Их жизнь прошла, их мрачны дни.
Что будет заменять
Заботы, ласки им мои?
Нам надо подождать!
Когда сижу я в стороне,
То часто слышен мне
Их разговор о небесах
Как «лучшей стороне».
Мне сердце горе рвет тогда.
О, друг, не говори
О чудном счастье, что любовь
Сулит нам впереди.
Пока любовь моя нужна
Здесь, дома, — покидать
Его нельзя.
Не так ли, друг?
Нам надо подождать!
В комнате было очень тихо, когда кончился первый куплет, а Алиса не решилась петь второй, так как по глазам Джона она видела, что он понял смысл ее песни. Лицо его сияло таким блаженством, что голос изменил ей, и она встала, сказав что-то относительно жары.
— Да, вы устали. Пойдемте со мной и отдохните, моя дорогая. — И с видом, не допускавшим возражения, Деми взял ее под руку, оставив Томми пораженного удивлением.
— Боже мой, значит, вся эта история летом была затеяна всерьез, а он ничего не сказал мне.
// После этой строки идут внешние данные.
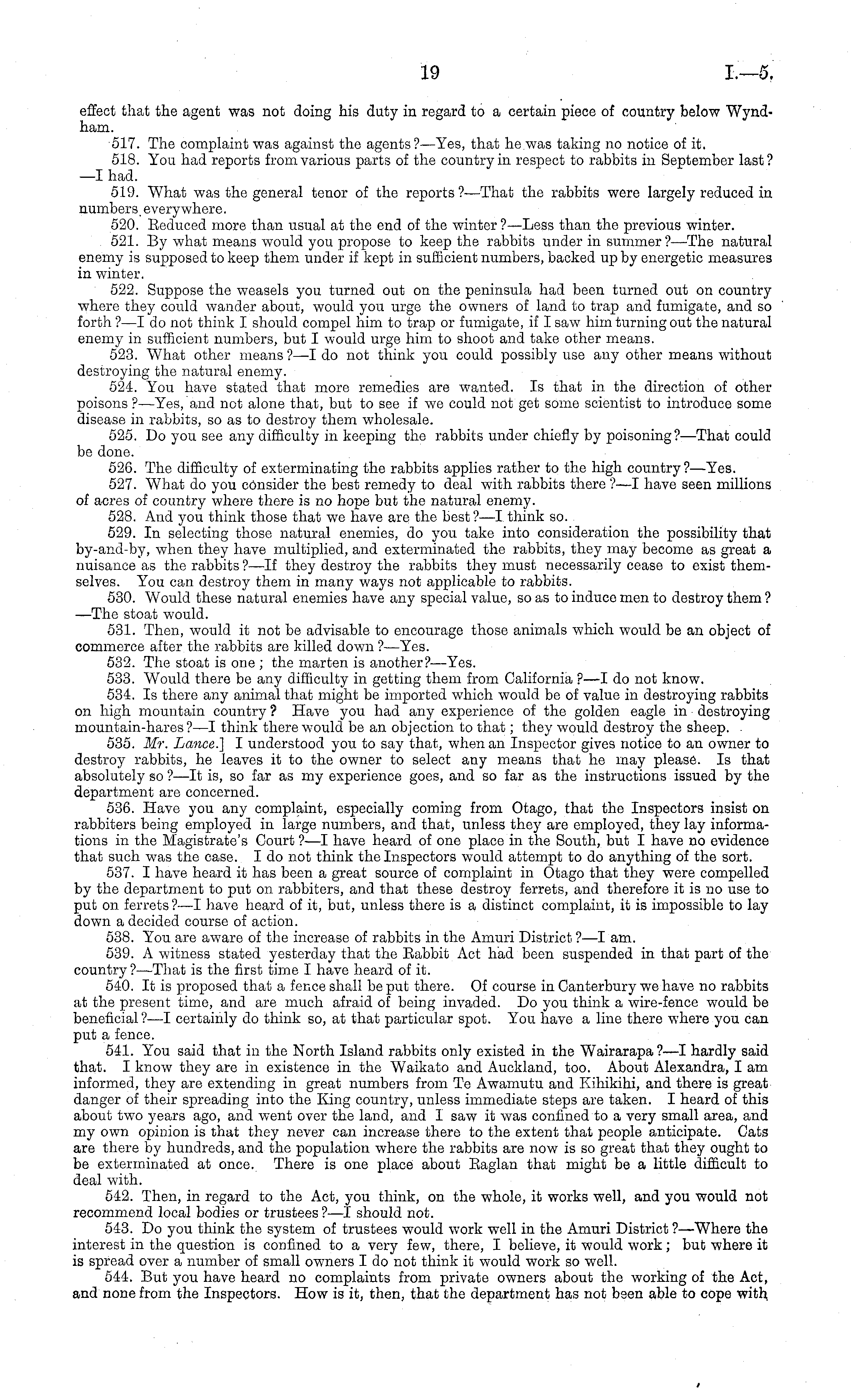 effect that the agent was not doing his duty in regard to a certain piece of country below Wyndham. 517. The complaint was against the agents?— Yes, that he .was taking no notice of it. 518. You had reports from various parts of the country in respect to rabbits in September last? —I had. 519. What was the general tenor of the reports?— That the rabbits were largely reduced in numbers everywhere. 520. Reduced more than usual at the end of the winter ?—Less than the previous winter. 521. By what means would you propose to keep the rabbits under in summer?— The natural enemy is supposed to keep them under if kept in sufficient numbers, backed up by energetic measures in winter. 522. Suppose the weasels you turned out on the peninsula had been turned out on country where they could wander about, would you urge the owners of land to trap and fumigate, and so forth ?—I do not think I should compel him to trap or fumigate, if I saw him turning out the natural enemy in sufficient numbers, but I would urge him to shoot and take other means. 523. What other means ?—I do not think you could possibly use any other means without destroying the natural enemy. 524. You have stated that more remedies are wanted. Is that in the direction of other poisons ? —Yes, and not alone that, but to see if we could not get some scientist to introduce some disease in rabbits, so as to destroy them wholesale. 525. Do you see any difficulty in keeping the rabbits under chiefly by poisoning?— That could be done. 526. The difficulty of exterminating the rabbits applies rather to the high country?— Yes. 527. What do you consider the best remedy to deal with rabbits there ?—I have seen millions of acres of country where there is no hope but the natural enemy. 528. And you think those that we have are the best?—l think so. 529. In selecting those natural enemies, do you take into consideration the possibility that by-and-by, when they have multiplied, and exterminated the rabbits, they may become as great a nuisance as the rabbits ? —lf they destroy the rabbits they must necessarily cease to exist themselves. You can destroy them in many ways not applicable to rabbits. 530. Would these natural enemies have any special value, so as to induce men to destroy them ? —The stoat would. 531. Then, would it not be advisable to encourage those animals which would be an object of commerce after the rabbits are killed down ?—Yes. 532. The stoat is one ; the marten is another?— Yes. 533. Would there be any difficulty in getting them from California ? —I do not know. 534. Is there any animal that might be imported which would be of value in destroying rabbits on high mountain country ? Have you had any experience of the golden eagle in destroying mountain-hares ? —I think there would be an objection to that; they would destroy the sheep. 535. Mr. Lance.] I understood you to say that, when an Inspector gives notice to an owner to destroy rabbits, he leaves it to the owner to select any means that he may please. Is that absolutely so ?—lt is, so far as my experience goes, and so far as the instructions issued by the department are concerned. 536. Have you any complaint, especially coming from Otago, that the Inspectors insist on rabbiters being employed in large numbers, and that, unless they are employed, they lay informations in the Magistrate's Court ? —I have heard of one place in the South, but I have no evidence that such was the case. Ido not think the Inspectors would attempt to do anything of the sort. 537. I have heard it has been a great source of complaint in Otago that they were compelled by the department to put on rabbiters, and that these destroy ferrets, and therefore it is no use to put on ferrets ?—I have heard of it, but, unless there is a distinct complaint, it is impossible to lay down a decided course of action. 538. You are aware of the increase of rabbits in the Amuri District ?—I am. 539. A witness stated yesterday that the Rabbit Act had been suspended in that part of the country?— That is the first time I have heard of it. 540. It is proposed that a fence shall be put there. Of course in Canterbury we have no rabbits at the present time, and are much afraid of being invaded. Do you think a wire-fence would be beneficial ?—I certainly do think so, at that particular spot. You have a line there where you can put a fence. 541. You said that in the North Island rabbits only existed in the Wairarapa ?—I hardly said that. I know they are in existence in the Waikato and Auckland, too. About Alexandra, lam informed, they are extending in great numbers from Tβ Awamutu and Kihikihi, and there is great danger of their spreading into the King country, unless immediate steps are taken. I heard of this about two years ago, and went over the land, and I saw it was confined to a very small area, and my own opinion is that they never can increase there to the extent that people anticipate. Cats are there by hundreds, and the population where the rabbits are now is so great that they ought to be exterminated at once. There is one place about Raglan that might be a little difficult to deal with. 542. Then, in regard to the Act, you think, on the whole, it works well, and you would not recommend local bodies or trustees? —I should not. 543. Do you think the system of trustees would work well in the Amuri District ?—Where the interest in the question is confined to a very few, there, I believe, it would work; but where it is spread over a number of small owners I do not think it would work so well. 544. But you have heard no complaints from private owners about the working of the Act, and none from the Inspectors. How is it, then, that the department has not bsen able to cope with

Как Дора будет смеяться! — И Томми со всех ног бросился сообщать о своем открытии.
О чем молодые люди говорили в саду, никто достоверно не узнал, но семейство Брук очень поздно разошлось спать в эту ночь, и всякий, заглянувший к ним в окно, увидел бы Деми в роли героя вечера, повествовавшего о несложной истории своей любви. Джози настаивала на том, что она все устроила, Дейзи была очень мила и искренно радовалась за брата, а миссис Мегги была так счастлива, что, когда Джози уже отправилась спать, а Деми наигрывал в своей комнате мотив шотландской песенки, она решилась поговорить с Дейзи о Нате.
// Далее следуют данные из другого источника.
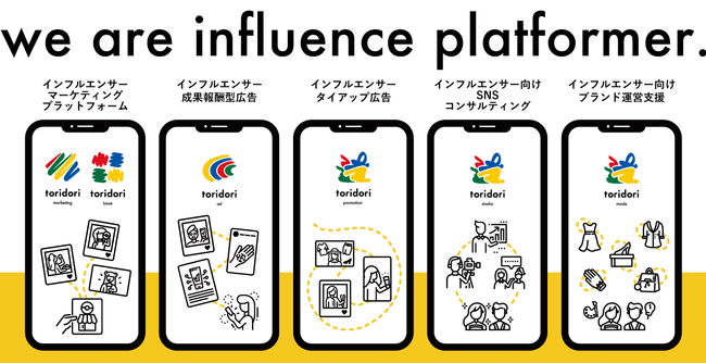 インフルエンサーの影響力を、世の中のあらゆる事業者に活用していただく世界を実現するべく、企業自らが直接インフルエンサーをキャスティングできるマーケティングプラットフォーム『toridori marketing/base』を中心とした、多彩なインフルエンス・プラットフォームサービスを展開しております。

На прощание она прибавила, прижав к груди свою покорную дочь:
— Дождись возвращения Ната. Тогда и моя девочка наденет белые розы.
ГЛАВА XX Жизнь за жизнь
Время, последовавшее за выпускным, было одно из самых приятных как для молодежи, так и для старших. Франц и Эмиль занимались делами дяди Германа и капитана Харди, а Мэри и Людмила подружились со всеми обитателями Пломфильда, так как, несмотря на разницу своих характеров, они обе были симпатичные и очаровательные женщины. Миссис Мегги и Дейзи открыли в Людмиле прекрасные хозяйственные способности: она учила их приготовлению новых блюд, рассказывала о необыкновенных стирках и особенных прачечных в Гамбурге и обсуждала с ними всевозможные отрасли
домашнего хозяйства. В этих разговорах Людмила и сама многому научилась и увезла с собой немало новых и полезных сведений.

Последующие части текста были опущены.